In New York City, early and often ventilator use became a common theme, and it had devastating consequences for infected patients caught in the middle of the hysteria.

On March 31, Dr. Cameron Kyle-Sidell, who had been caring for ICU patients at one of the hardest-hit hospitals in the city, sounded the alarm about the ventilator issue. He took to YouTube and became something of a ventilator whistleblower.

“We are operating under a medical paradigm that is untrue,” Dr. Kyle-Sidell explained. “I fear that this misguided treatment will lead to a tremendous amount of harm to a great number of people in a very short time.”

“I don’t know the final answer to this disease, but I’m quite sure that a ventilator is not it,” he continued. “This method being widely adopted at this very moment at every hospital in the country … is actually doing more harm than good.”

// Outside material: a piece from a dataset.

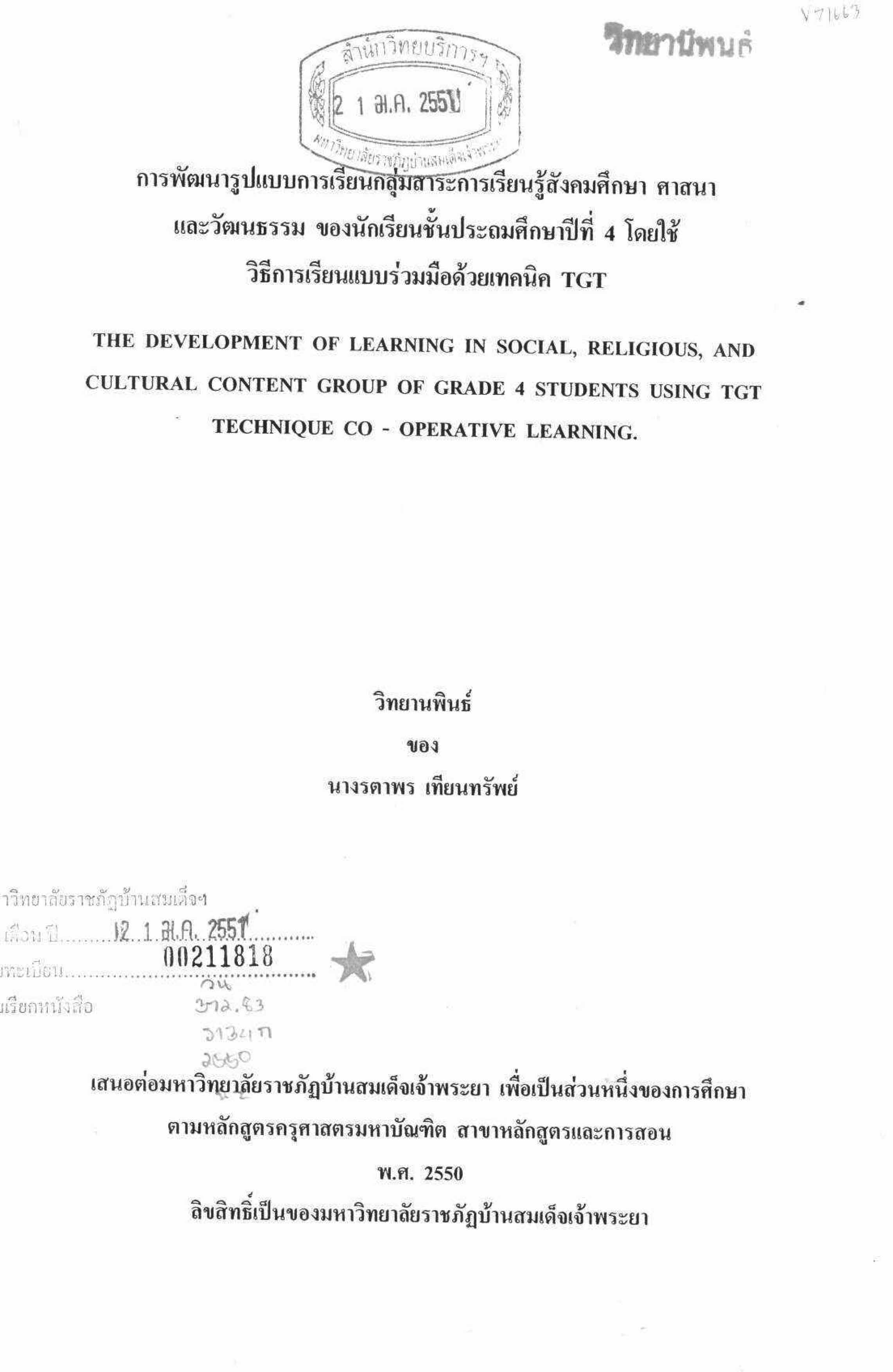 การพัฒนารูปแบบการเรียนกลุ่มสาระการเรียนรู้สังคมศึกษา ศาสนาและวัฒนธรรม ของนักเรียนประศึกษาปีที่ 4 โดยใช้วิธีการเรียนแบบร่วมมือด้วยเทคนิค TGT

An April Reuters interview with dozens of medical specialists made it clear that mechanical ventilator overuse had become a global issue. “Many highlighted the risks from using the most invasive types of them - mechanical ventilators - too early or too frequently, or from non-specialists using them without proper training in overwhelmed hospitals,” the report said.

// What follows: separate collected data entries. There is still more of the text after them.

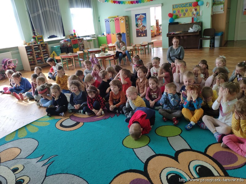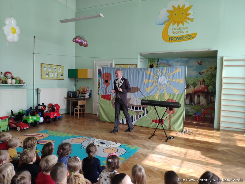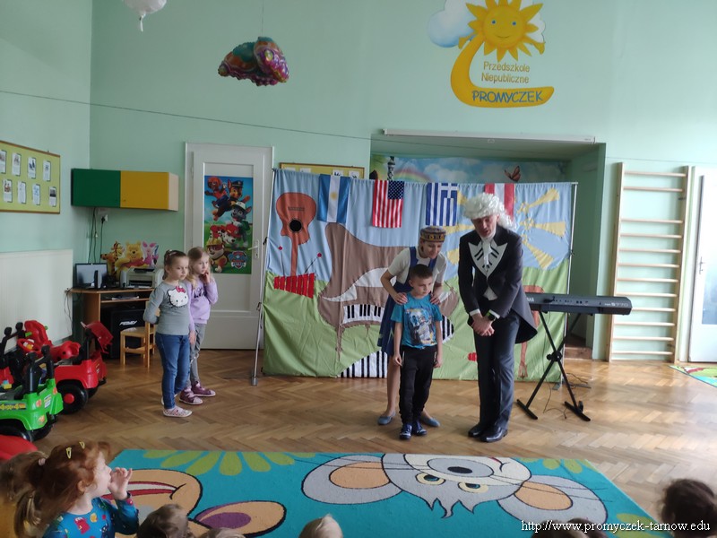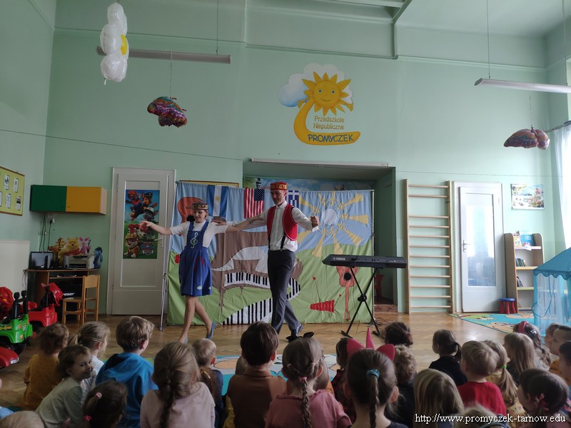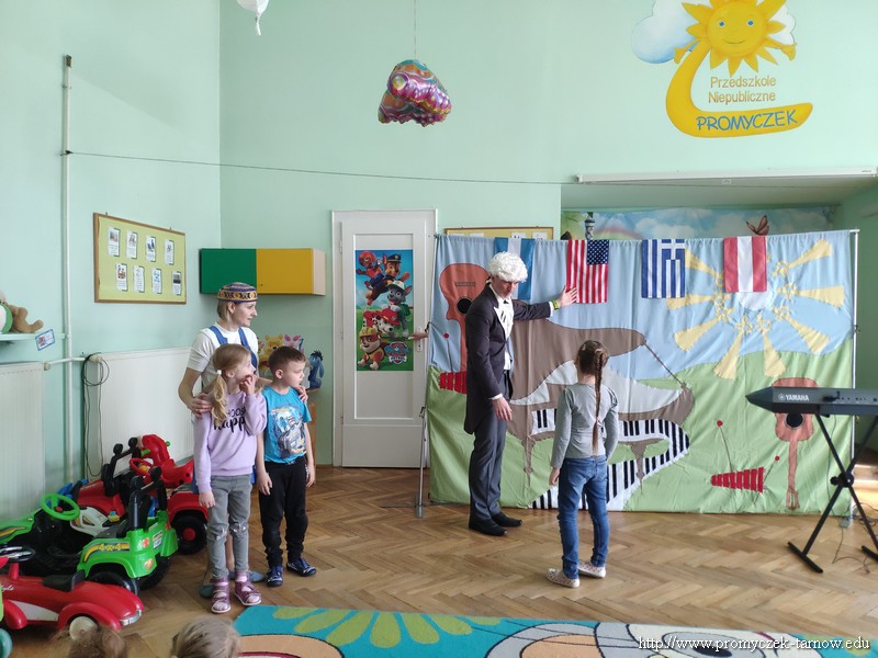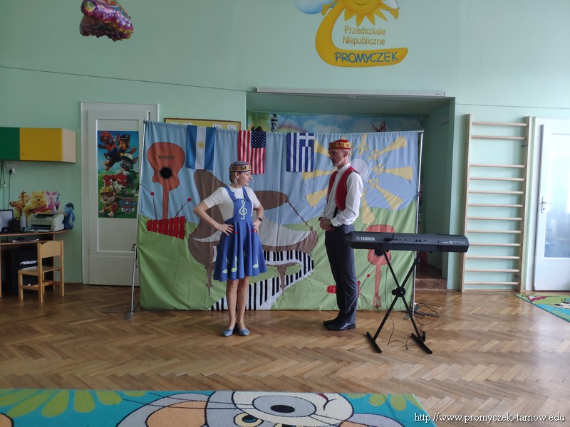 W ubiegłym tygodniu do Promyczka zawitali znani już bardzo dobrze przedszkolakom goście, czyli Wiolinka i Bemol. Tym razem zabrali nas w muzyczną podróż po różnych krajach. Pierwszym krajem jaki odwiedziliśmy była Argentyna - Wiolinka pokazała dzieciom jak się tańczy tango argentyńskie, następnie Bemol nauczył dzieci piosenki "Kaczor Donald farmę miał" i wybrane dzieci udawały różne zwierzęta, oraz grały na instrumencie guiro - pochodzącym z USA. Kolejnym odwiedzonym krajem była Grecja. Dzieci nauczyły się witać w języku greckim oraz pooglądały jak tańczy się zorbe. Ostatnim wybranym krajem była Austria. Wszystkie dzieci na zakończenie zaśpiewały wspólnie piosenkę i pożegnały się z Wiolinką i Bemolem. Czekamy z niecierpliwością na kolejne spotkanie :)
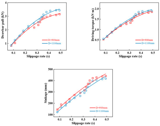 Using the aforementioned comparative test method, analysis of the sinkhole model data statistics was carried out for tires with wheel diameters of 900 mm and 1100 mm. The prediction curves obtained after the test data and fitting calculations are shown in Figure 10, and a comparative analysis of the traction characteristics, drive characteristics, and tire sinkhole volume of the high-ground-clearance truck could be performed: when the wheel diameter was changed from 900 mm to 1100 mm, the traction characteristics increased from 3.16 KN to 3.64 KN, with a 15.2% performance improvement; the driving characteristics (hydraulic motor feedback driving torque) increased from 1709 Nm to 1824 Nm, with a 6.7% performance improvement; and the maximum sinkage volume was reduced from 432 mm to 375 mm, with a 13.2% sinkage reduction.
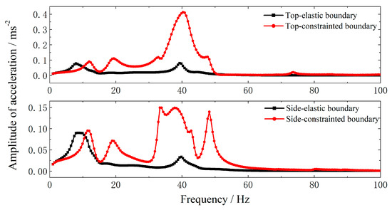 Based on the analysis results presented in Figure 8, the boundary stiffness of the structural plate is set to Kboundry = 0.1 Kplate = 337,800 N/m and the boundary damping coefficient is set to Cboundary = 2000 Ns/m. These settings enable the system to have a wider range of vibration isolation frequency and lower force transmissibility.

By May, it was common knowledge in the medical community that early ventilator use was hurting, not helping COVID-19 patients, and that less invasive measures were in fact very effective in assisting recoveries. However, by then, the damage had already been done.

The WHO recommendation has opened up a continuing conversation in the scientific community about the medical ethics of potentially unnecessarily harming a patient to hypothetically protect one’s colleagues from a virus (And one that is simply not that lethal. Although, in hindsight, it was difficult to be sure of this in early 2020).

The “early action” ventilator guidance from China, which was distributed to the world by the WHO, very likely resulted in many lives taken from us far too soon. To my knowledge, neither WHO nor the Chinese government (which controls its medical associations) has acknowledged this catastrophic misstep.